Dies weist reelle Zahlen von -1 bis +1 unter Bezugnahme auf das "Iwanami Japanese Dictionary (Iwanami Shoten)" zu.
Je näher es an -1 liegt, desto negativer Je näher es an +1 liegt, desto positiver ist es.
Lesen Sie dann das Polaritätswörterbuch Erstellen Sie Listen und Wörterbücher.
#word_list, pn_Speichern Sie Word und PN im Listentyp.
import pandas as pd
pn_df = pd.read_csv('./6050_stock_price_prediction_data/pn_ja.csv', encoding='utf-8', names=('Word','Reading','POS', 'PN'))
word_list=list(pn_df['Word'])
pn_list=list(pn_df['PN'])
#pn_Wort als Diktat_list, pn_Erstellen Sie ein Wörterbuch, in dem die Liste gespeichert ist.
pn_dict = dict(zip(word_list,pn_list))
Die Implementierung besteht darin, auf das Polaritätswörterbuch zu verweisen und den PN-Wert zurückzugeben.

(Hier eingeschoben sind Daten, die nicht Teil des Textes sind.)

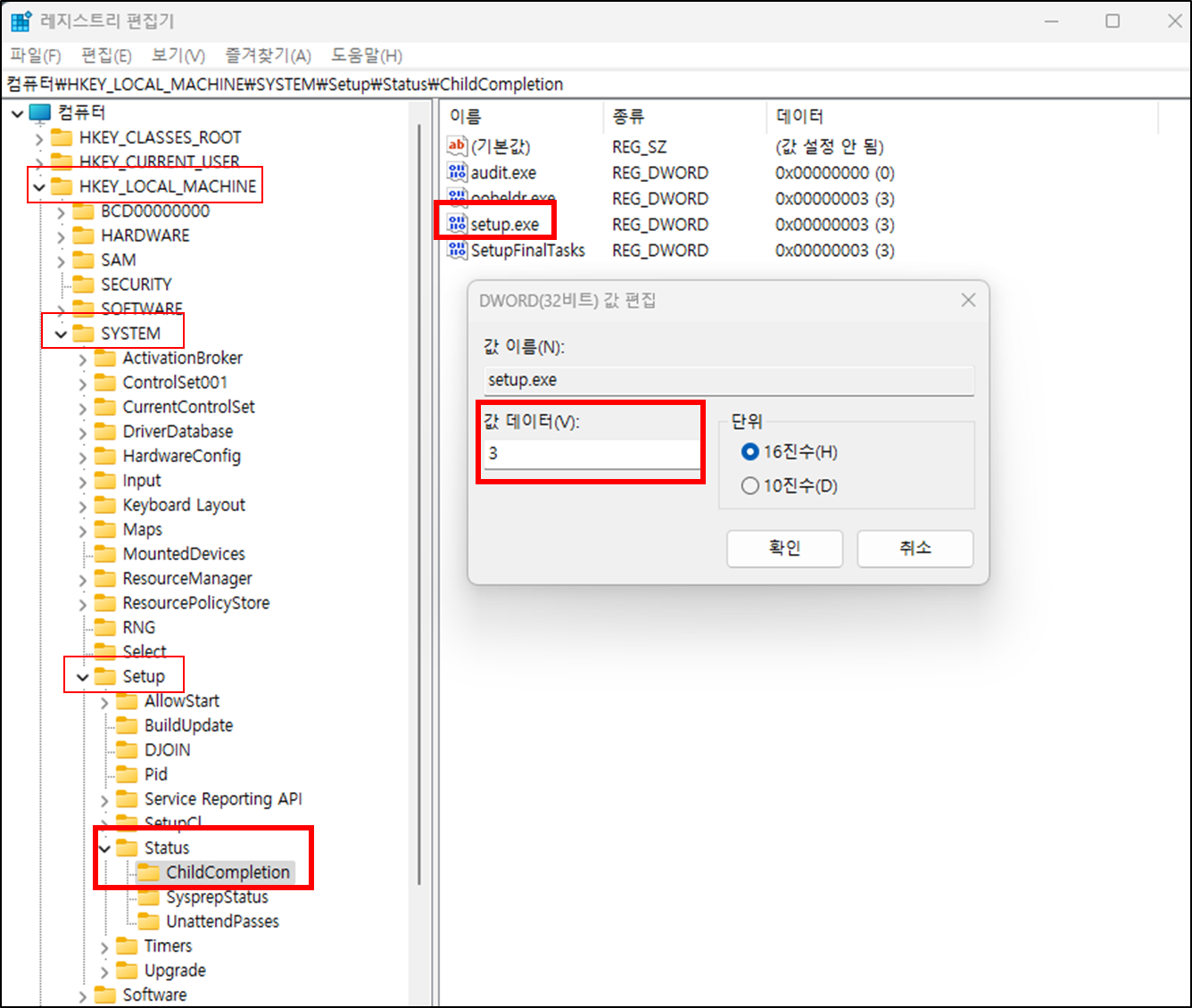 3) setup.exe 클릭후 Value data를 3으로 수정 -> 확인 클릭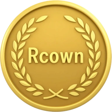 gold coin with "Rcrown" level in center and minimal laurel small emoji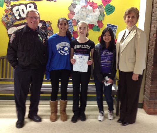 Brookfield Police Chief, Robin Montgomery, Past President of the Brookfield Lions Club, presented gift certificates to the winners of the Brookfield Lions Peace Poster contest. Pictured from (L-R) Chief Montgomery, Ms. Mariyam Quaisar, Second Place Award ($75), Ms. Emma Hasselman, First Place Award ($100), Ms. Fernanda Hanashiro, Third Place Award ($50) and Susan O’Brien President of the Brookfield Lions.

Ebenfalls Übergeben Sie get_diclist ("Es wird morgen gut") an die Funktion add_pnvalue, um zu sehen, wie es funktioniert Wir übergeben es auch an die Funktion get_mean, um den Durchschnitt der PN-Werte zu ermitteln.
import numpy as np
def add_pnvalue(diclist_old, pn_dict):
diclist_new = []
for word in diclist_old:
base = word['BaseForm'] #Holen Sie sich die Grundform aus einzelnen Wörterbüchern
if base in pn_dict:
pn = float(pn_dict[base])
else:
pn = 'notfound' #Wenn das Wort nicht in der PN-Tabelle enthalten ist
word['PN'] = pn
diclist_new.append(word)
return(diclist_new)
#Berechnen Sie den PN-Durchschnittswert jedes Tweets
def get_mean(dictlist):
pn_list = []
for word in dictlist:
pn = word['PN']
if pn!='notfound':
pn_list.append(pn)
if len(pn_list)>0:
pnmean = np.mean(pn_list)
else:
pnmean=0
return pnmean
dl_old = get_diclist("Morgen wird es sonnig werden.")
# get_diclist("Morgen wird es sonnig werden.")Die Funktion hinzufügen_Übergeben Sie es an pnvalue, um zu sehen, wie es funktioniert.
dl_new = add_pnvalue(dl_old, pn_dict)
print(dl_new)
#Machen Sie es auch zu einer Funktion bekommen_Übergeben Sie es, um den Durchschnitt der PN-Werte zu ermitteln.
pnmean = get_mean(dl_new)
print(pnmean)
Die Änderung des PN-Werts wird in einem Diagramm angezeigt.
import matplotlib.pyplot as plt
%matplotlib inline
df_tweets = pd.read_csv('./6050_stock_price_prediction_data/tweets.csv', names=['id', 'date', 'text', 'fav', 'RT'], index_col='date')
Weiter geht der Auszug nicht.